Thanks to Auguste Charles for this treat.

Jill Bolte Taylor's Stroke of Insight (Ted Talks 2008)

This is a lively and fascinating video I saw before. Every time a friend has a stroke, I recall Jill Bolte Taylor's 18 minute message and I search it out on Ted Talks (www.ted.com) . I'm sharing it here and now as I think of a friend recovering from a stroke:


Wednesday, June 2, 2010

Superstition Reigns

Part of me wants to tell you all about a house on which I have made a buy offer.

Part of me is superstitious enough to keep my mouth shut.

All of me is getting a little impatient with the real estate face-saving practice called short selling. And if you think I'm having a little problem with this, please try to imagine the struggles of the home seller who is valiantly and honorably trying to stay ahead of foreclosure.

My ReMax Professional, Danielle Martinez, warned me that making an offer on a short sale would be setting myself up for a long drawn out process that could fall apart even at the last minute of closing. Caution to the wind, I made the offer. (I've always been this way. Give me advice and watch me ignore it!)

So now I sit in short sale limbo. And wait.

More as the process continues..... (Is that a promise or a threat? Lol!)

As for why short sales take so long? Check out this Arizona Republic article. Scary. Very scary.

Where in the World is Lubna Hussein?

Okay, let's put M. Lubna Hussein, journalist and Sudanese woman activist, in the history book of Diverse Mind. One more short chapter and we are done: M. Hussein was freed after serving one day of her jail sentence after the Sudanese journalists' union (government sponsored) paid her fine. That was on Sept. 9th last year. (London Times Online) She has left the Sudan and continues to work for 'the emancipation of Muslim women'. (London Times Online)

The second article is a good summary of M. Hussein's fashion crime, the trial, her unwanted early release from jail.

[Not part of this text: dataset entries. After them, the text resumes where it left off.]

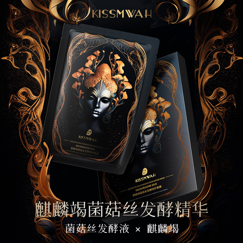 Восстанавливающая тканевая маска для лица с ферментами шелка и грибов KISSMWAH Creosote Silk Fermentation Repair Mask Mushroom Silk, коробка 25 мл × 5 шт.
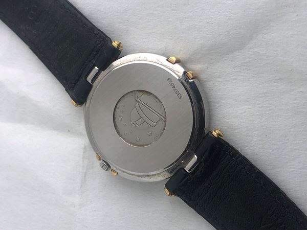 A very well-preserved wristwatch in stainless steel and gold, round-shape, with beautiful bezel in gold engraved with <black rabic numerals, white dial with two subsidiary dials
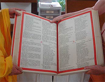 An amazing book has arrived at the monastery from India. It is a volume containing the eleven Samhitas, or hymn sections, of the Vedas.
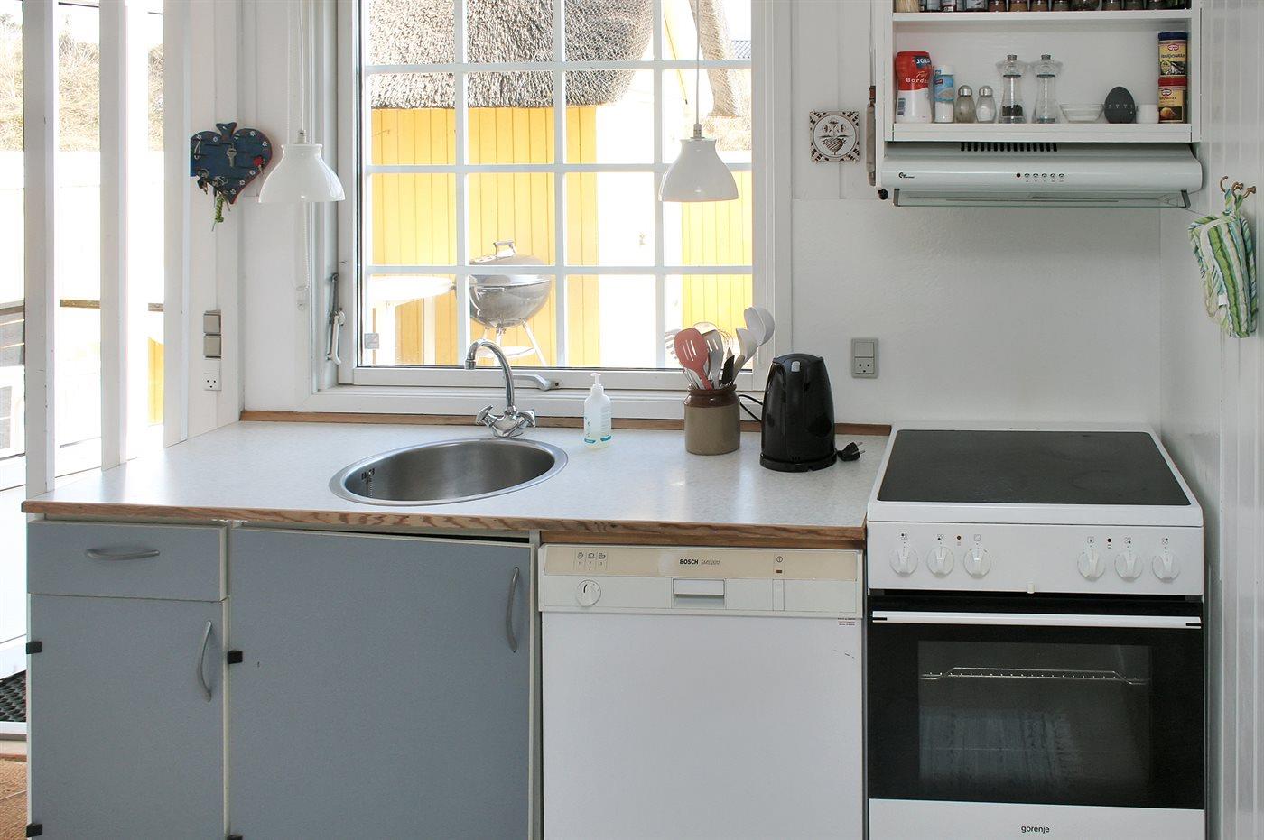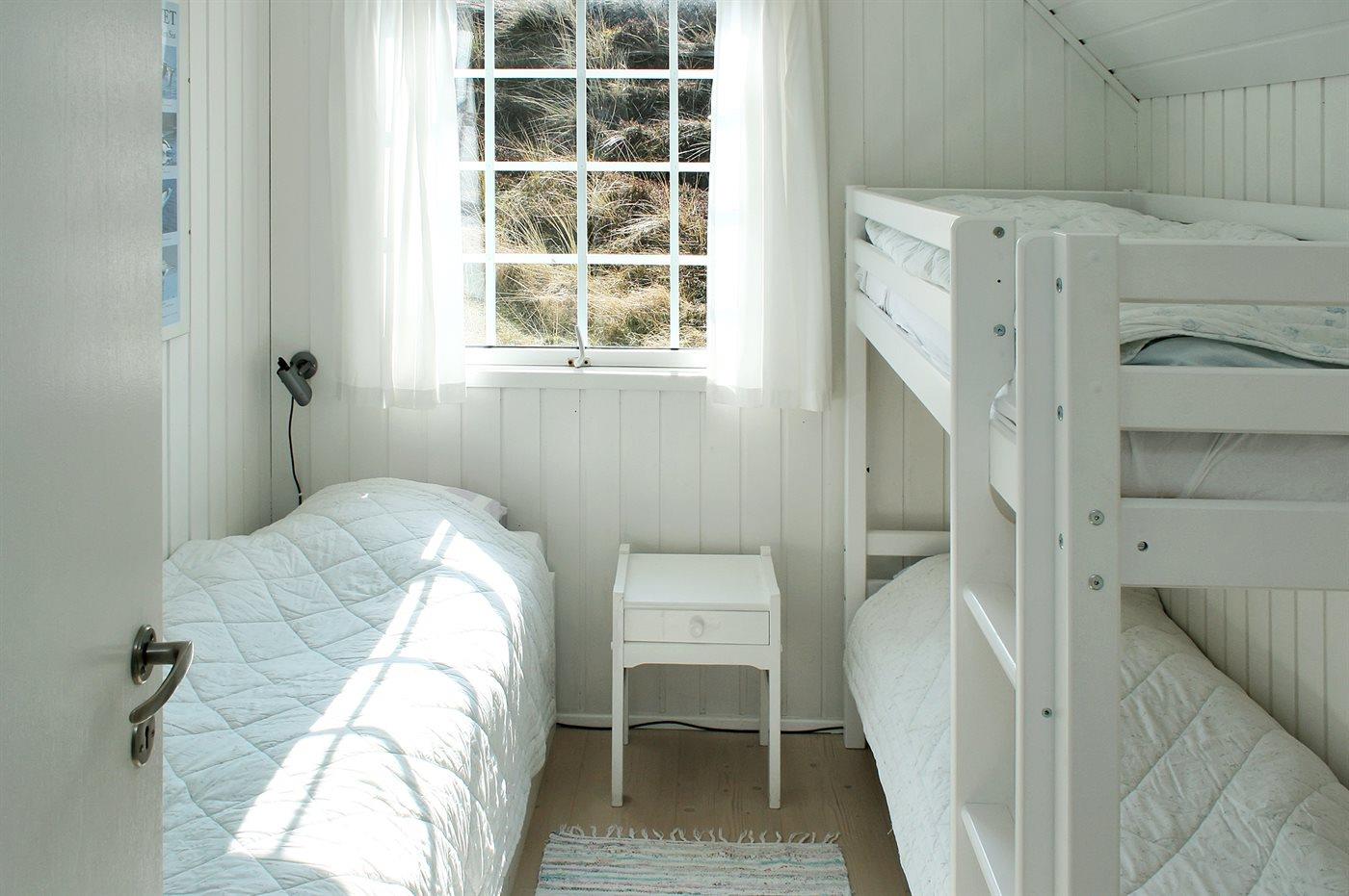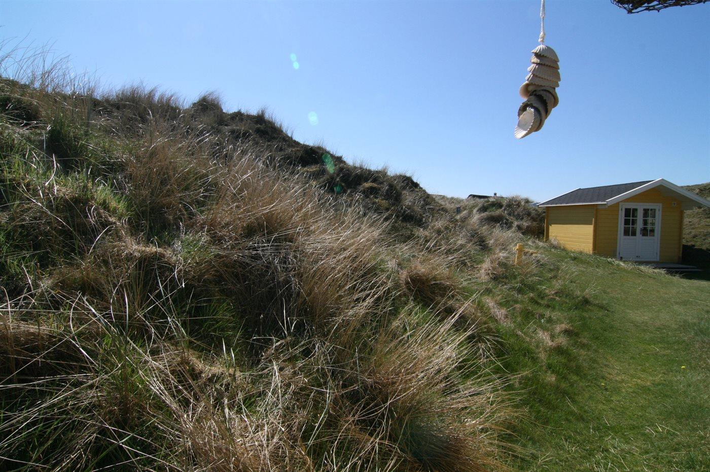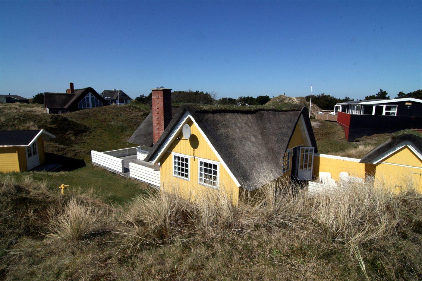 Et dejligt, stråtækt feriehus med rolig beliggenhed i ly af klitten, hvorfra der er havudsigt. Huset er hyggeligt indrettet og har nogle rigtig dejlige terrasser. 3 soverum og plads til 5 personer. Trægulve på værelser, i opholdsrum og køkken. Huset ligger vindbeskyttet på en fantastisk grund i et skønt område og kun 200 m fra stranden. Et "rigtigt" sommerhus med sjæl og charme. Annekset er til privat brug.
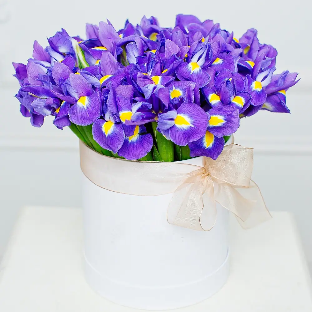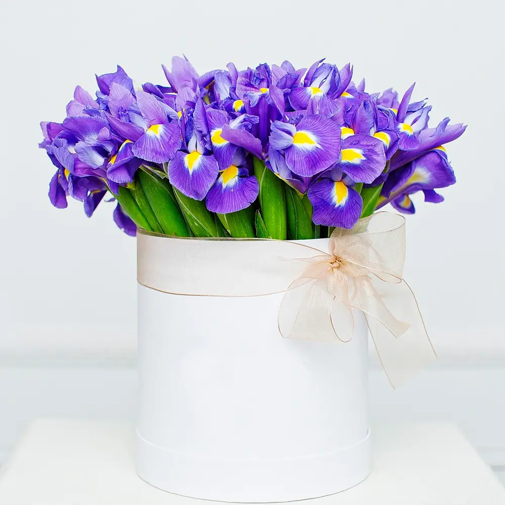 Ярко-фиолетовые ирисы в белоснежной шляпной коробке.
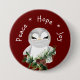 What a year it's been! Here's a cute keepsake button that sums up 2020 and features a watercolor long lashed whimsical penguin with face mask, white "Peace, joy, hope" text and boughs of Christmas evergreens on dark red background.
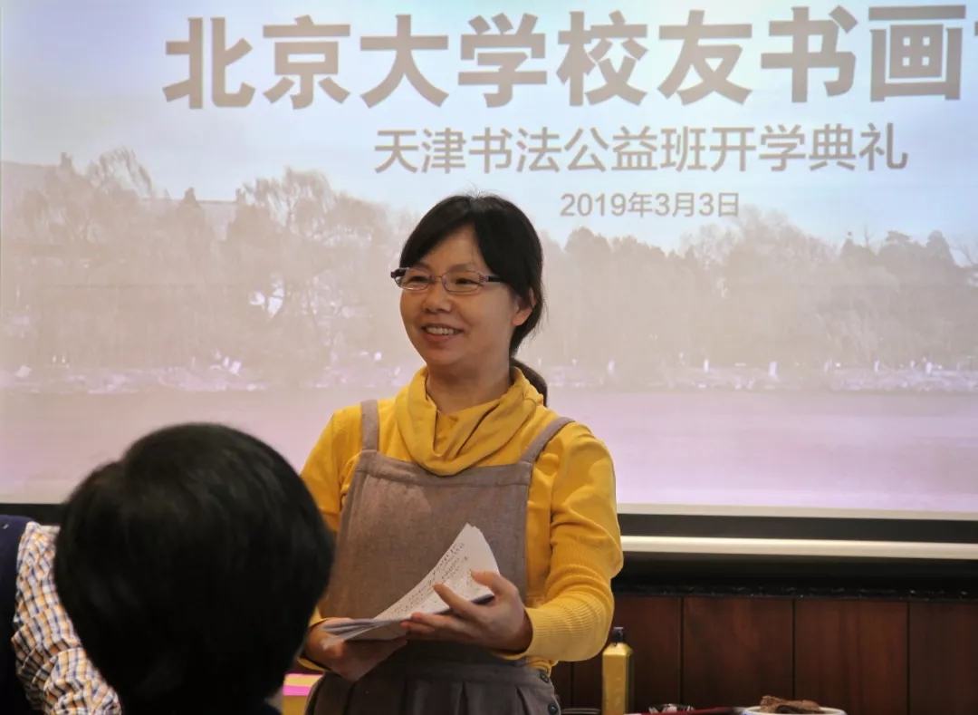 担任天津书法公益班班主任的张艳老师,是去年12月从北大校友书画协会首期书法公益班结业的优秀学员。
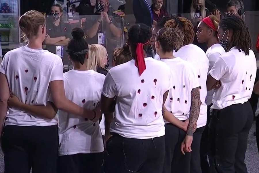 Washington Mystics basketbol kulübünün kadın oyuncuları, ABD liglerinde oynayan diğer takımların sporcuları gibi bugün yapılacak maçlara çıkmayacaklarını açıkladılar. Jacop Blake’in polis tarafından kurşunlanmasını protesto eden kadınlar, sırtında yedi kurşun deliği olan tişörtleriyle “Black Lives Matter/Siyah hayat önemlidir!” dedi.
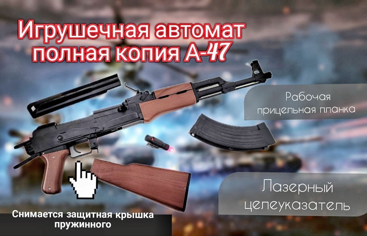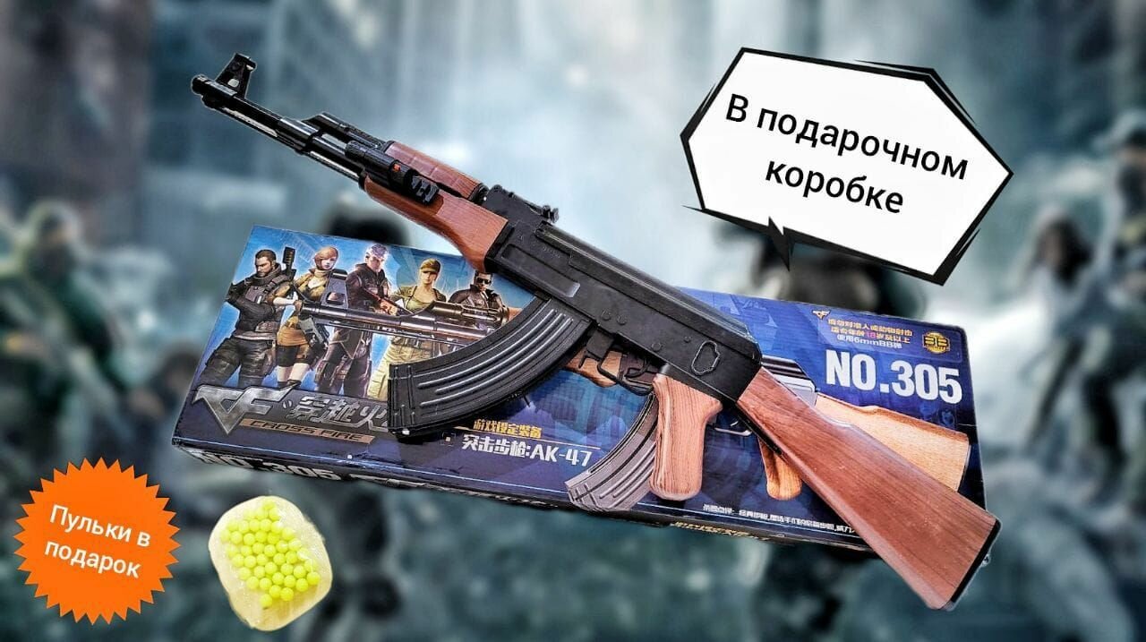 Игрушечный автомат Калашникова детский под АК-47 пластиковый воздушный для пулек 6 мм интересное:
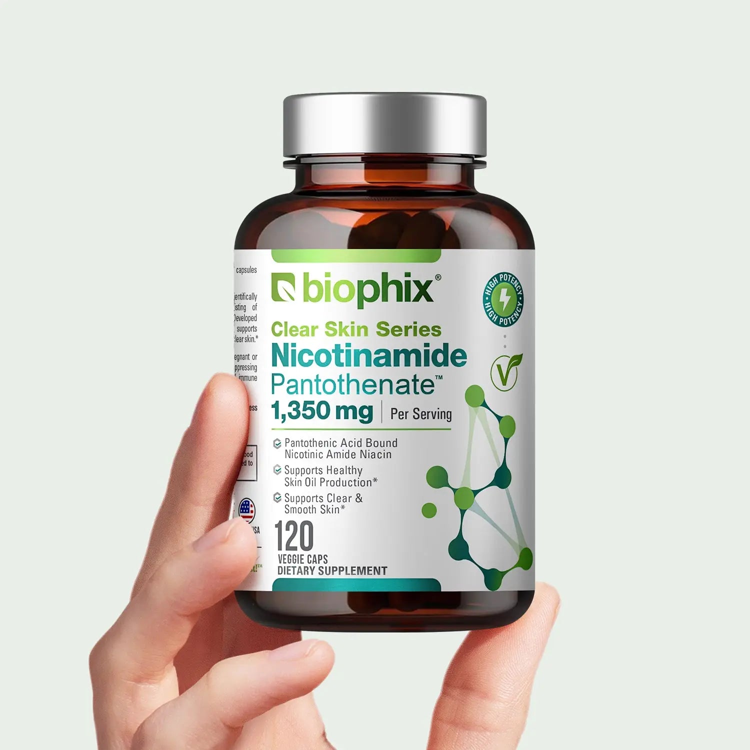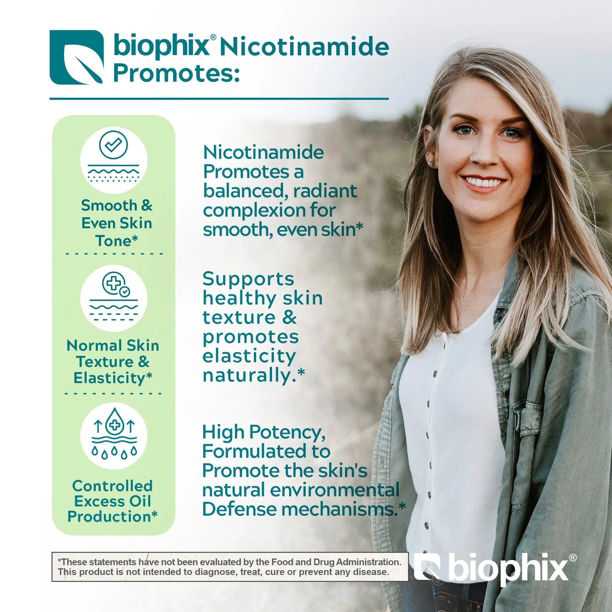Discover Biophix Nicotinamide, a dietary supplement designed to support overall wellness. Nicotinamide, a water-soluble form of vitamin B3, aids in various bodily functions, including energy metabolism. Derived from natural sources like legumes and green leafy vegetables, Nicotinamide plays a crucial role in cellular energy production. Our high-quality formula is manufactured in the USA in a certified facility, ensuring safety and quality. Simply take 2 vegetarian capsules twice daily with meals as part of your routine.

The article details several practices common in The Sudan that are demeaning to women and even little girls, including female circumcision (clitoral removal and partial closure of the vaginal opening). Lubna Hussein has much educating and and agitating to do.

My hat is off to her for her activism on behalf of Muslim women.

Tuesday, June 1, 2010

Lubna Hussein Takes Jail Time -- Belated Report


Last fall as Lubna Hussein's trial for public indecency was postponed, my life was in flux on a lesser but turbulent track. However belatedly, here's the follow up story from an Huffington Post report on September 9, 2009:

KHARTOUM, Sudan — A woman journalist was convicted Monday of public indecency for wearing trousers, but was spared a sentence of flogging. A defiant Lubna Hussein said she would not pay a $200 fine and would take a month in prison instead to protest Sudan's draconian morality laws.

The 43-year old journalist has set out to challenge the police and courts since her arrest in July by insisting the case go to trial, aiming to embarrass the Khartoum government with the publicity. Her prosecution – and the prospect that she could get the full sentence of 40 lashes – drew an international outcry.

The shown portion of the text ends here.